Entertainment

Music, schools, cooking & animals subjects of a number of fine documentaries that have arrived on DVD this week

Posted December 3, 2016

If you like documentaries, this is your week, as a number of fascinating subjects are deftly explored on newly released DVDs.

“Soundbreaking” (Athena, 2016, three discs, eight episodes, featurettes, 20-page booklet). This is an excellent documentary miniseries that aired recently on PBS about musical innovations of the past century, a potentially dry subject that is brought to life with humor and wide-eyed recollections by many of the innovators themselves in a format that is nonlinear and highly entertaining.

More than 150 interviews were conducted over the past five years for this project with loads of major participating music stars and producers, including Paul McCartney, Ringo Starr, George Martin, Elton John, Roger Waters, Joni Mitchell, Quincy Jones, Annie Lennox, Willie Nelson, Questlove and too many more to name. Music fans will find themselves in heaven, but even those with just a passing interest will find much to enjoy.

“Time for School 2003-2016” (PBS, 2016). This feature-length documentary, 12 years in the making, follows five children from, respectively, Afghanistan, Kenya, India, Brazil and Benin, from their first year of school in 2003 through their hoped-for 2016 high school graduation. Can they overcome obstacles that include war, poverty and gender discrimination to complete their basic education? It was inspired by the Millennium Development Goal of “Education for All,” a United Nations push to give children around the world free primary schooling.
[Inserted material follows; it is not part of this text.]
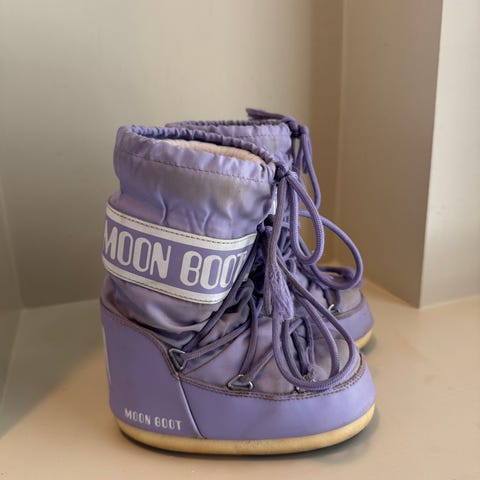 Selger et par tilnærmet ubrukte Moon Boot "The Original" i den nydelige gullfargen (Glance Gold). Støvlene har bare vært prøvd utendørs to ganger, begge gangene i ren, hvit nysnø. Dette er den ikoniske modellen med høyt skaft som er både supervarme og stilige. De er perfekte for vinteren og afterski!

“Willie Velasquez: Your Vote Is Your Voice” (PBS, 2016). An hourlong profile of Mexican-American activist Velasquez, a butcher’s son from San Antonio whose grass-roots movement to get out the Latino vote resulted in more than a thousand voter-registration drives in 200 cities. He founded the nonpartisan Southwest Voter Registration and Education Project before his life was claimed by kidney cancer at age 44.
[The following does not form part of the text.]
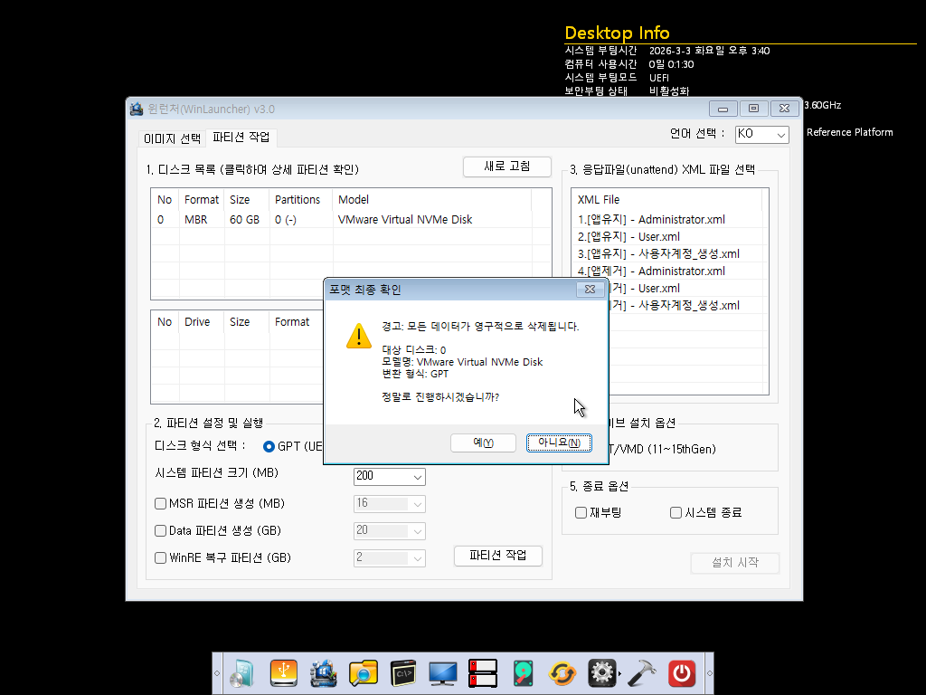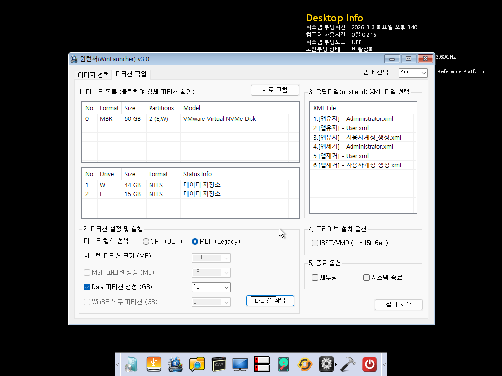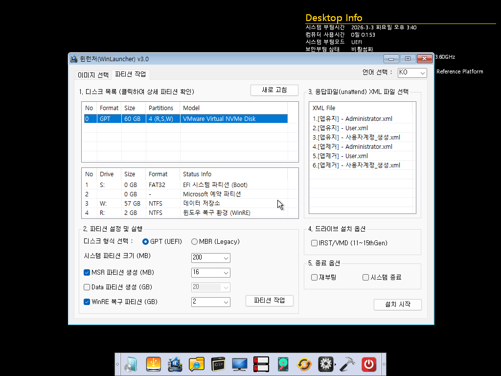 현재는 기본적인 기능 구현 위주로 제작된 상태이므로, 일부 미지원 환경에서는 파티션 기능을 사용할 수 없습니다. - 기본 Windows boot.wim 환경 또는 WMI 기능 사용이 가능한 PE 환경에서만 정상 동

“A Chef’s Life: Season Four” (PBS, 2016, two discs, 10 episodes). This PBS reality series follows Vivien Howard — head chef and co-owner with husband Ben Knight of the Chef & Farmer restaurant in Kinston, North Carolina — as she collects recipes and stories. This season, Howard travels to New York and writes and releases her first cookbook.

“NOVA: 15 Years of Terror” (PBS, 2016). This hourlong documentary episode of “NOVA” looks at the 15 years following the Sept. 11, 2001, attacks, how terrorism has changed and how it’s changed us, with a specific focus on crowd-sourced violence in the age of the internet.

“NOVA: Super Tunnel” (PBS, 2016). A massive construction project beneath the streets of London is the subject of this hourlong documentary. The Crossrail is a $23 billion endeavor to link a new metro line with existing systems, which entails burrowing 26 miles of tunnels without damaging historic buildings.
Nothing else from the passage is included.